Using advanced mathematics and a silicon chip covered with hundreds of thousands of mirrors the size of a single bacterium, the scientists at Rice University claim to have come up with a design that is more efficient than traditional devices.
Unlike a 1-megapixel camera that captures one million points of light for every frame, the new camera creates an image by capturing just one point of light, or pixel, several thousands of times in rapid succession.
The new mathematics comes into play in assembling the high-resolution image, equal in quality to the 1-megapixel image, from the thousands of single-pixel snapshots.
The oddest aspect of Rice's camera may be that it works best when the light from the scene under view is scattered randomly and turned into noise that looks like a television tuned to a dead channel.
"White noise is the key," said Richard Baraniuk, the Victor E. Cameron professor of Electrical and Computer Engineering at Rice University.
"Thanks to some deep new mathematics developed just a couple of years ago, we are able to get a useful coherent image out of the randomly scattered measurements."
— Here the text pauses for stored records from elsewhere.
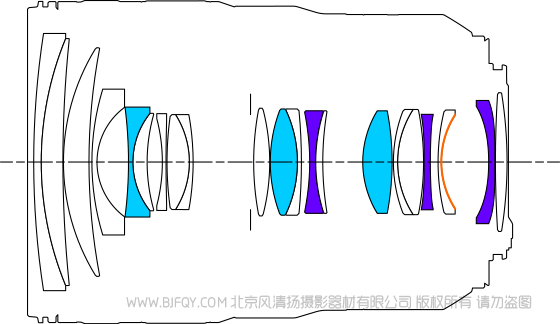 RF24-70mm F2.8 L IS USM充分发挥了RF卡口大口径和短后对焦距离的优势,实现了全焦段的高画质。镜头采用15组21片的光学设计,包括3片GMo(玻璃模铸)非球面镜片和3片UD镜片,可良好补偿球面像差、色像差等,从画面中心到边缘都能得到高画质。另外,还采用了ASC镀膜,可有效抑制眩光和鬼影。
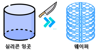 실리콘은 원소기호 Si로 표시되는 규소를 의미하죠. 하나머티리얼즈는 실리콘 잉곳을 생산을 하는데요. 잉곳이란 주형에 제련된 물질을 부어넣어 고체화한 금속덩어리를 뜻해요. 쉽게 말해 규소로 이루어진 원기둥이라 생각하면 됩니다. 이 실리콘 원기둥을 일정 간격으로 자르면 웨이퍼가 되는 것이죠.
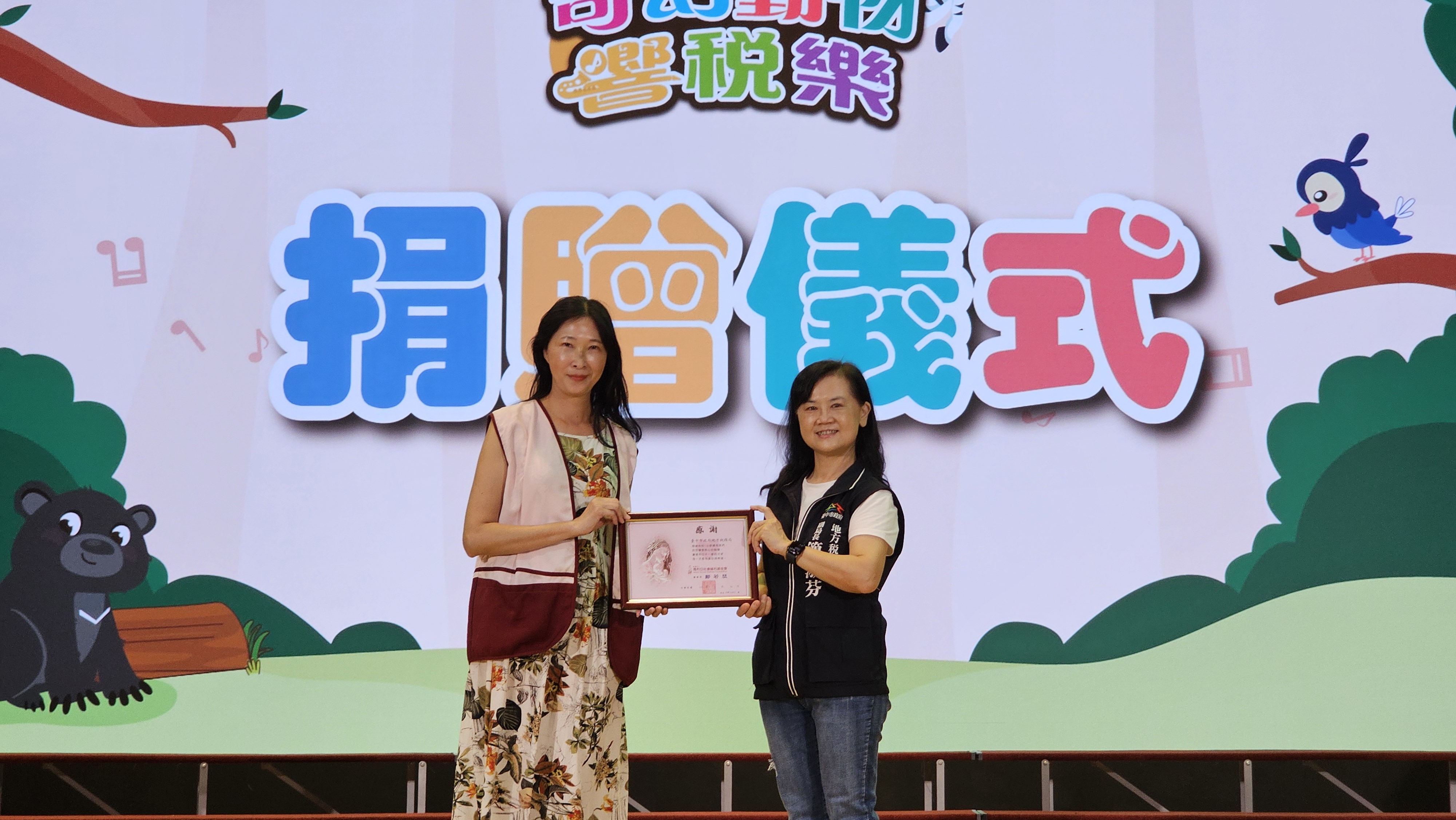 本局簡副局長代表捐贈本場募得的發票,瑪利亞基金會回贈感謝狀

Baraniuk's collaborator Kevin Kelly, assistant professor of electrical and computer engineering, built a working prototype using a digital micro-mirror device and a single photodiode, which turns light into electrical signals.
Today's typical retail digital camera has millions of photodiodes, or megapixels, on a single chip.
The research will be presented on 11 October at the Optical Society of America's 90th annual meeting, Frontiers in Optics 2006, in Rochester, New York.